The research project ‘Bioscopic Books. Artist's books as seen through the cinema eye’ focuses on artist's books from filmmakers.
Filmmakers like Jean-Luc Godard, Werner Herzog and Patricio Guzmán make their films with a pen in hand. Their so-called essay films or cine-essays tighten the bonds between cinema and literature, but largely remain within the boundaries of the film medium. Other filmmakers such as Chris Marker, Michael Snow and Peter Greenaway are far more fascinated by the book as an object and make books next to their films. These artist’s books are more than preparatory studies or afterthoughts on their film practice.

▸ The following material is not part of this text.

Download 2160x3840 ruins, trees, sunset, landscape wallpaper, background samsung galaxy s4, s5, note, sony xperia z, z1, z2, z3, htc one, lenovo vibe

The artist's book challenges filmmakers to reflect on their artistic discourse and practice, and to reinvent their idiosyncratic film style in book form. It is far from a simple translation, which raises questions about medium specificity, media dialectics and authorship. And yet there is much that connects films and artist's books. Both first arose and made furore in the Parisian fin-de-siècle; both are structured sequentially, inevitably suggesting a narrative; and both need artistic strategies to control time duration and flat white spaces.

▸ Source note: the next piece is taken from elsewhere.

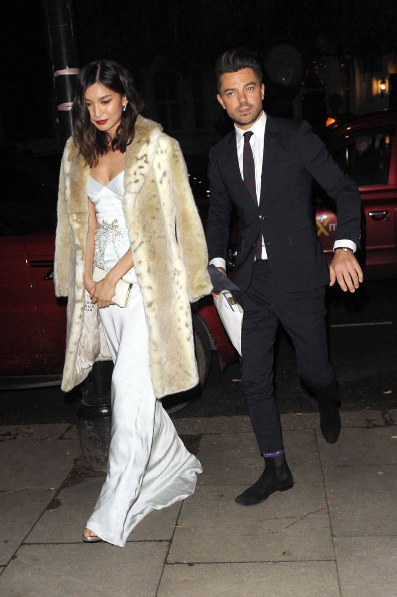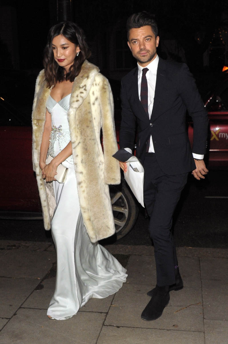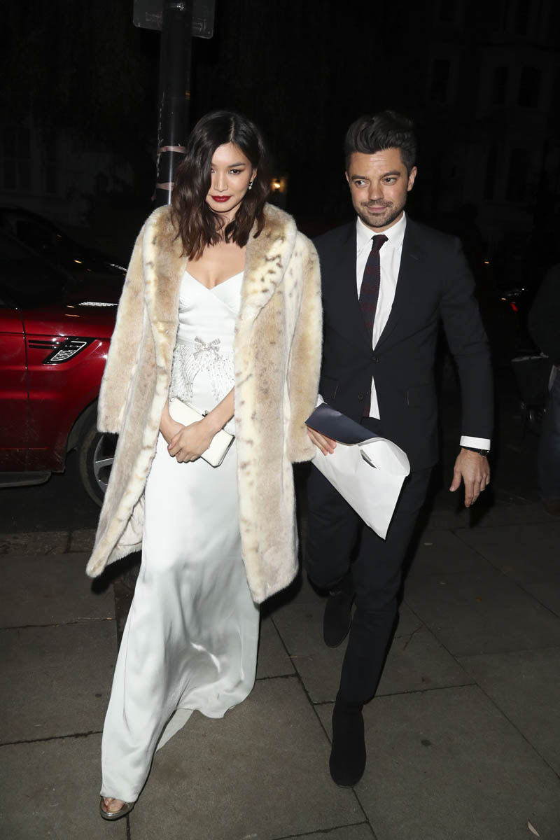 The premiere for Mary, Queen of Scots happened last night in Leicester Square. Afterwards Gemma was seen at an after-party for the British Fashion Awards, joined by Dominic Cooper. Apparently it’s the first major event they’ve been seen at together as a couple. Apparently they’re living together now, like she moved in in September. It was only revealed that they were dating in late summer. So, yeah, if it’s that serious, of course they’re going places together, also no-big-dealing it.

Those who think artist's books belong to the dusty past and films to the glistening future have not been paying attention. In the past quarter of a century, cinema has been declared dead or at least sentenced to the post-cinema era, while artist's books are on an artistic role. This becomes evident when looking at the academic attention to the subject, the opening up of archives, the number of publishers who have taken an interest in the artist’s book, and – most importantly – the many artists and filmmakers who have realized one.
The research project ‘Bioscopic Books. Artist's books as seen through the cinema eye’ aims to develop a broad spectrum of activities that render the special translation from film to book (and back) visible: lectures, publications, screenings, an exhibition, and the realization of artist's books by contemporary filmmakers.